The processing circuit may be dedicated hardware or a control circuit including a memory and a CPU (Central Processing Unit) that executes a program stored in the memory. Here, the memory corresponds to, for example, a non-volatile or volatile semiconductor memory such as a RAM (Random Access Memory), a ROM (Read Only Memory), or a flash memory, a magnetic disk, an optical disk, or the like. When the processing circuit is a control circuit including a CPU, the control circuit is, for example, the control circuit 200 having the configuration shown in FIG.

As shown in FIG. 3, the control circuit 200 includes a processor 200a which is a CPU and a memory 200b. When it is realized by the control circuit 200 shown in FIG. 3, it is realized by the processor 200a reading and executing the program corresponding to each process stored in the memory 200b. The memory 200b is also used as a temporary memory in each process performed by the processor 200a.

When the processing circuit is dedicated hardware, the processing circuit is, for example, an ASIC (Application Specific Integrated Circuit), an FPGA (Field Programmable Gate Array), or a combination thereof.

The storage unit 352 is a non-volatile memory such as a ROM or a flash memory.

A flowchart of control of the inverter control device 100 according to the embodiment will be described.

FIG. 4 is a diagram showing a state transition related to the control process in the embodiment. The inverter control device 100 can transition between three control states: a normal state, an abnormal grace state, and an abnormal confirmed state. The normal state is a state in which no abnormality has occurred in the process of detecting the primary current. The abnormal grace state is a state in which it is confirmed that the primary current detection process is abnormal, but it is not determined that an abnormality has occurred in the primary current detection process. The abnormality confirmed state is a state in which it is determined that an abnormality has occurred in the process of detecting the primary current. The details of the state transition process will be described later.

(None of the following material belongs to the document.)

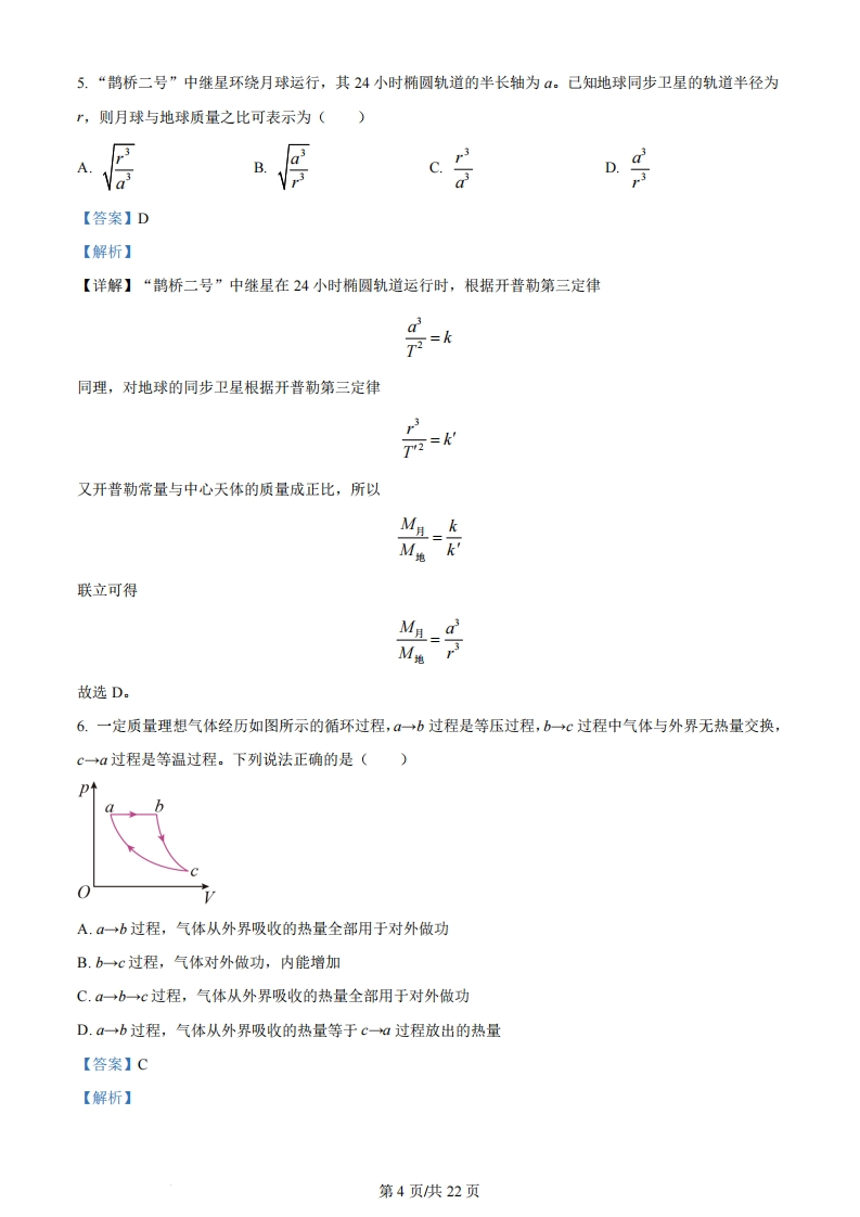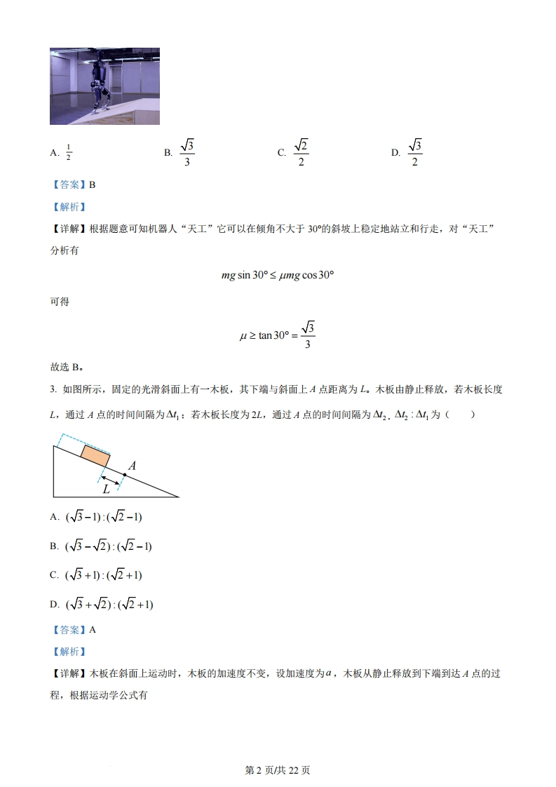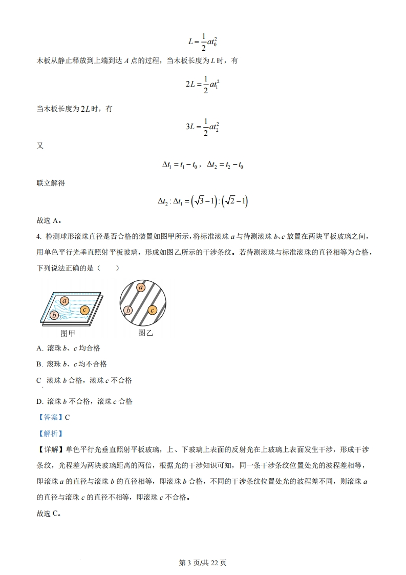 2024年全省普通高中学业水平等级考试物理注意事项:1.答卷前,考生务必将自己的姓名、考生号等填写在答题卡和试卷指定位置。2.回答选择题时,选出每小题答案后,用铅笔把答题卡上对应题目的答案标号涂黑。如需改动,用橡皮擦干净后,再选涂其他答案标号。回答非选择题时,将答案写在答题卡上。写在本试卷上无效。3.考试结束后,将本试卷和答题卡一并交回。一、单项选择题:本题共8小题,每小题3分,共24分。每小题只有一个选项符合题目要求。1.2024年是中国航天大年,神舟十八号、嫦娥六号等己陆续飞天,部分航天器装载了具有抗干扰性强的核电池.已知Sr衰变为Y的半衰期约为29年,Pu衰变为数U的半衰期约87年,现用相同数目的S:0和测Pu各做一块核电池,下列说法正确的是()A.8Sr衰变为Y时产生a粒子B.38Pu衰变为2U时产生B粒子C.50年后,剩余的8Sr数目大于28Pu的数目D.87年后,剩余的8Sr数目小于Pu的数目【答案】D【解析】【详解】A.根据质量数守恒和电荷数守恒可知S衰变为Y时产生电子,即B粒子,故A错误:B.根据质量数守恒和电荷数守恒可知2Pu衰变为U时产生He,,即a粒子,故B错误:CD.根据题意可知23Pu的半衰期大于8Sr的半衰期,现用相同数目的0Sr和238Pu各做一块核电池,经过相同的时间,Sr经过的半衰期的次数多,所以0Sr数目小于2Pu的数目,故D正确,C错误。故选D。2.如图所示,国产人形机器人“天工”能平稳通过斜坡。若它可以在倾角不大于30°的斜坡上稳定地站立和行走,且最大静摩擦力等于滑动摩擦力,则它的脚和斜面间的动摩擦因数不能小于()第1页供22页A.号B.3cD.5322【答案】B【解析】【详解】根据题意可知机器人“天工”它可以在倾角不大于30的斜坡上稳定地站立和行走,对“天工”分析有ng sin30°≤mg cos30°可得4≥tan30°=的3故选B。3.如图所示,固定的光滑斜面上有一木板,其下端与斜面上A点距离为L。木板由静止释放,若木板长度L,通过A点的时间间隔为△1:若木板长度为2L,通过A点的时间间隔为△2.△5:△1,为()A.(5-1):(2-1)B.(5-√5):(5-)C.(5+1):(2+1)D.(5+√2):(N2+1)【答案】A【解析】【详解】木板在斜面上运动时,木板的加速度不变,设加速度为,木板从静止释放到下端到达A点的过程,根据运动学公式有第2页供22页1=2a6木板从静止释放到上端到达A点的过程,当木板长度为L时,有2L=a21当木板长度为2L时,有3L=Tal2又△4=t1-6,△12=5-0联立解得△2:M=5-1(V5-1故选A。4.检测球形滚珠直径是否合格的装置如图甲所示,将标准滚珠α与待测滚珠b、c放置在两块平板玻璃之间,用单色平行光垂直照射平板玻璃,形成如图乙所示的干涉条纹。若待测滚珠与标准滚珠的直径相等为合格,下列说法正确的是()b图甲图乙A.滚珠b、c均合格B.滚珠b、c均不合格C滚珠b合格,滚珠c不合格D.滚珠b不合格,滚珠c合格【答案】C【解析】【详解】单色平行光垂直照射平板玻璃,上、下玻璃上表面的反射光在上玻璃上表面发生干涉,形成干涉条纹,光程差为两块玻璃距离的两倍,根据光的干涉知识可知,同一条干涉条纹位置处光的波程差相等,即滚珠α的直径与滚珠b的直径相等,即滚珠b合格,不同的干涉条纹位置处光的波程差不同,则滚珠α的直径与滚珠c的直径不相等,即滚珠c不合格。故选C。第3页供22页

When the operation of the inverter control device 100 is started, it is set to a normal state as an initial state. When the control process determines that the primary current detection process is in an abnormal state, the inverter control device 100 transitions to an abnormal grace state. In the abnormal grace state, the inverter control device 100 can transition to the normal state. Further, when the inverter control device 100 is in the abnormal grace state and the setting condition for determining the abnormal state is satisfied, the inverter control device 100 transitions to the abnormal confirmed state. Once the inverter control device 100 transitions to the abnormally determined state, the operation of the compressor 40 cannot be restored unless the condition for canceling the abnormally determined state is satisfied. The condition for canceling the abnormality confirmation state is when the power is turned on again after the power is turned off or when the abnormality release signal is received from the indoor unit.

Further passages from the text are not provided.